The odds ratio and corresponding p-value are given for the coefficient. P(x) provides the probability of converting from normal cognition (NC) to mild cognitive impairment (MCI) or Alzheimer's disease (AD) for a hypothetical individual who has a PAD or grey matter volume (x) at 1 standard deviation (SD) SD below (x = μ – SD) or above (x = μ + SD) the mean (μ) at baseline. In addition, the Brier score and the area under the curve (AUC) are provided as overall performance measures.

We also estimated conversion probabilities for hypothetical subjects with PAD and grey matter volume at one standard deviation (SD) below the mean, at the mean, and one standard deviation above the mean. These represent population-level probability estimates at different points along the PAD distribution. The general probability curves are presented in Fig. 4a. The conversion probability for having a PAD one SD below the mean ranged from 7 to 12% across methods. In contrast, the conversion probability for having a PAD one SD above the mean increased, ranging from 18 to 25%, with brainage showing the largest difference between conversion probabilities for low and high PAD values (7% vs 25%). Having a mean PAD value resulted in similar conversion probabilities across methods (13–14%). The conversion probability based on grey matter volume followed a similar, but inverted, trend, with conversion probabilities of 20% at one SD below the mean, 14% at the mean, and 10% at one SD above the mean.

Fig. 4.

Longitudinal analysis of PAD. a) The probability of conversion from normal cognition (NC, n = 857) to mild cognitive impairment (MCI) or Alzheimer's disease (AD) plotted against baseline PAD values for each package. The black rug plot at the base of each subplot shows individual PAD values from the dataset. The curves are estimated with the covariates fixed to their respective means, and sex was set to female. The shaded areas represent the 95% confidence intervals. b) The association between baseline PAD and four-year change in normalised grey matter volume (GMV/ICV) and memory performance (ADNI-Mem) by diagnosis (NC = green, n = 857; MCI = yellow, n = 1070; AD = red, n = 403). The error-bars indicate the 95% confidence interval. c) The association between four-year change in PAD and four-year change in normalised grey matter volume (GMV/ICV) or memory performance (ADNI-Mem) by diagnosis (NC = green, n = 857; MCI = yellow, n = 1070; AD = red, n = 403). The associations were adjusted for their respective baseline values. The error-bars indicate the 95% confidence interval.

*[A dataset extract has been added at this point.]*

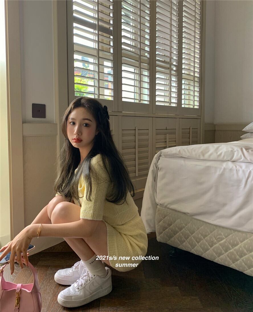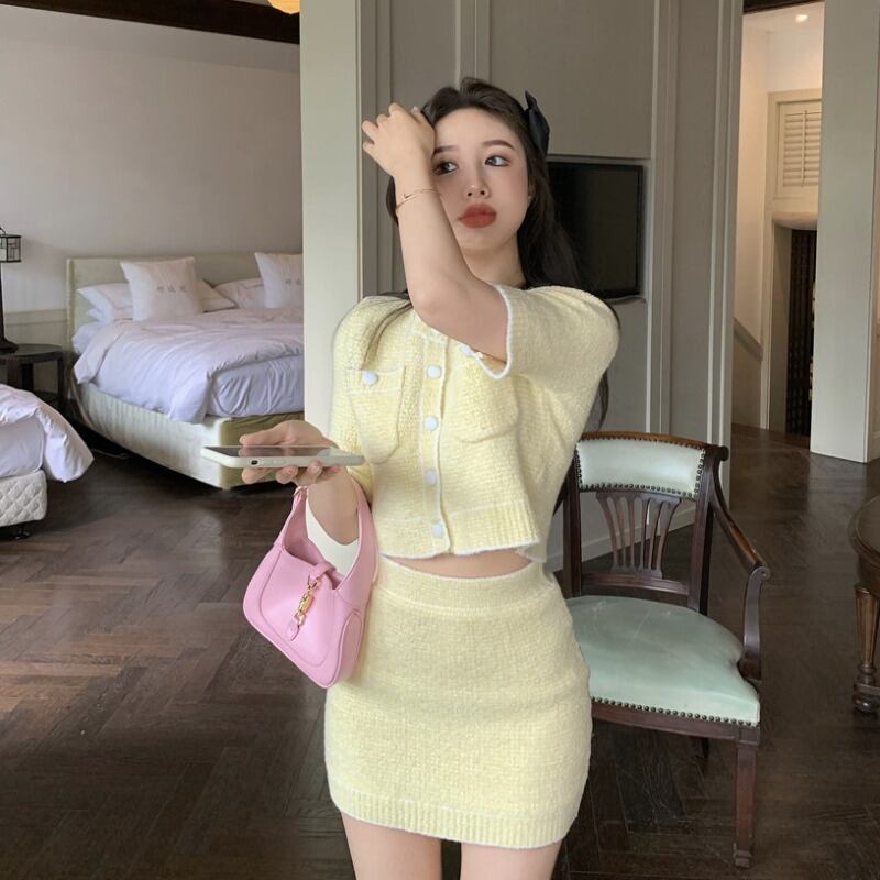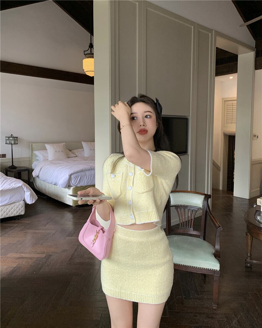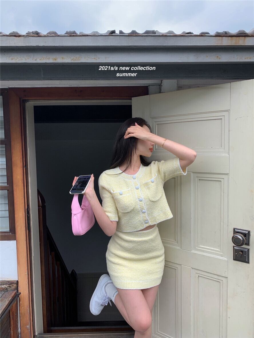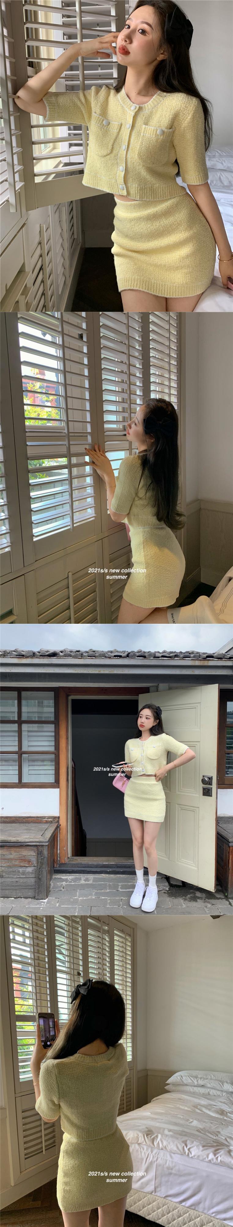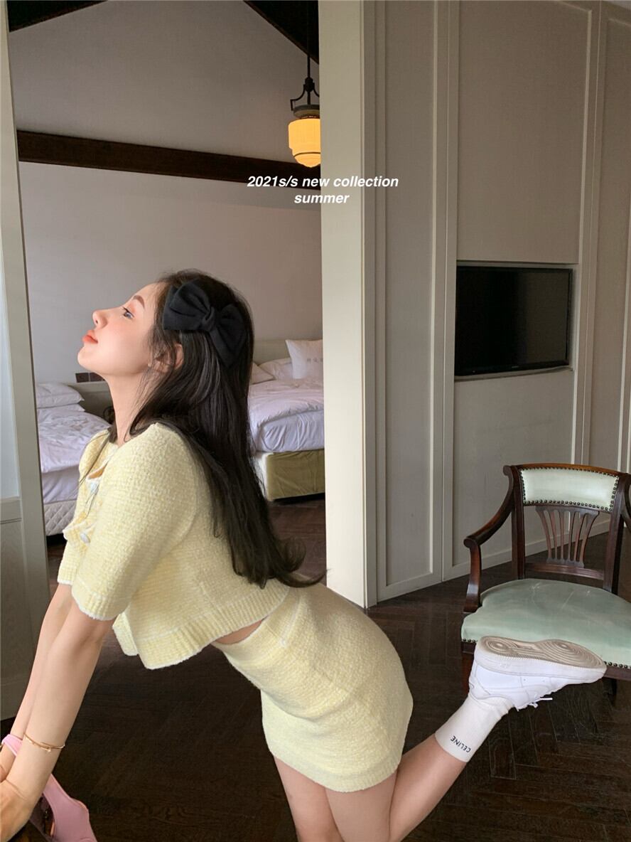 ニットカーディガンジャケット レディースサマー薄手イエローショートセーター 半袖スリーブトップス ハーフスリーブ 夏物 YY-ファッション71061224002

The discriminative ability, i.e., the frequency at which individuals with high PAD convert, of the models and grey matter volume was moderate. The AUCs ranged from 0.67 (mccqrnn) to 0.73 (brainage), and their calibration performance was similar across all methods (approximately 0.12).

The results for the MCI to AD conversion are presented in the supplementary materials (Supplementary Table S4 and Supplementary Figure S4). Briefly, both a one-year increase in PAD and a 1% increase in ICV-normalised grey matter volume slightly showed elevated ORs for conversion compared to those observed for NC to MCI/AD conversion across all brain age prediction methods. We also report the results using a traditional Cox proportional-hazards regression, in Supplementary Table S5, with virtually identical results in AUC and Brier score.

Associations between PAD and rates of decline in grey matter volume and memory function

To further investigate the clinical utility of brain age predictions, we examined the associations between PAD at baseline and subsequent changes in memory performance and normalised grey matter volume over four years across diagnostic groups (Fig. 4b, Supplementary Table S6). Results using change in hippocampal grey matter volume as dependent variable are presented in Supplementary Figure S5a and Supplementary Table S7.

The association between the PAD at baseline and memory decline varied substantially by diagnostic group and model. In individuals with NC, associations with memory decline were small, with brainageR showing the strongest correlation among the packages (r = −0.12, 95% CI [−0.24, 0.00], p = 0.05). In participants with MCI, all models showed significant correlations with future memory decline, ranging from r = −0.30 (brainage) to r = −0.15 (mccqrnn). The strongest associations were observed in participants with AD, where DeepBrainNet achieved the highest correlation (r = −0.40, 95% CI [−0.54, −0.25], p < 0.001), and ENIGMA the smallest (r = −0.24, 95% CI [−0.40, −0.08], p < 0.001).

Baseline PAD showed no significant associations with grey matter atrophy in groups with NC or MCI across all models. In participants with AD, significant but modest correlations were observed for brainageR (r = −0.27, 95% CI [−0.45, −0.09], p = 0.009), ENIGMA (r = −0.25, 95% CI [−0.42, −0.08], p = 0.008), and DeepBrainNet (r = −0.21, 95% CI [−0.39, −0.03], p = 0.026).

To contextualise these findings, we examined baseline normalised grey matter volume as a reference measure. Normalised grey matter volume showed a similar, though inverted, pattern of associations with memory decline compared to the brain age models. In participants with NC, the correlation was r = 0.09 (95% CI [−0.03, 0.20], p = 0.158), in participants with MCI r = 0.25 (95% CI [0.16, 0.34], p < 0.001), and in participants with AD r = 0.06 (95% CI [−0.11, 0.22], p = 0.493). Only the association in participants with MCI was statistically significant. Further, normalised grey matter volume at baseline showed a similar pattern of association with grey matter atrophy compared to brainageR and other models in NC participants with NC, MCI and AD.

Associations between changes in PAD and rates of decline in grey matter volume and memory function

Further, the analyses from the previous subsection were repeated using the change in PAD within four years instead of baseline PAD to examine the association between longitudinal PAD trajectories and decline in both memory performance and normalised grey matter volume (Fig. 4c, Supplementary Table S8). Changes in PAD and grey matter volume were adjusted for their respective baseline values. The unadjusted results are presented in Supplementary Table S9 and Supplementary Figure S6. Results using change in hippocampal grey matter volume as dependent variable are presented in Supplementary Figures S5b and S7, and Supplementary Table S10.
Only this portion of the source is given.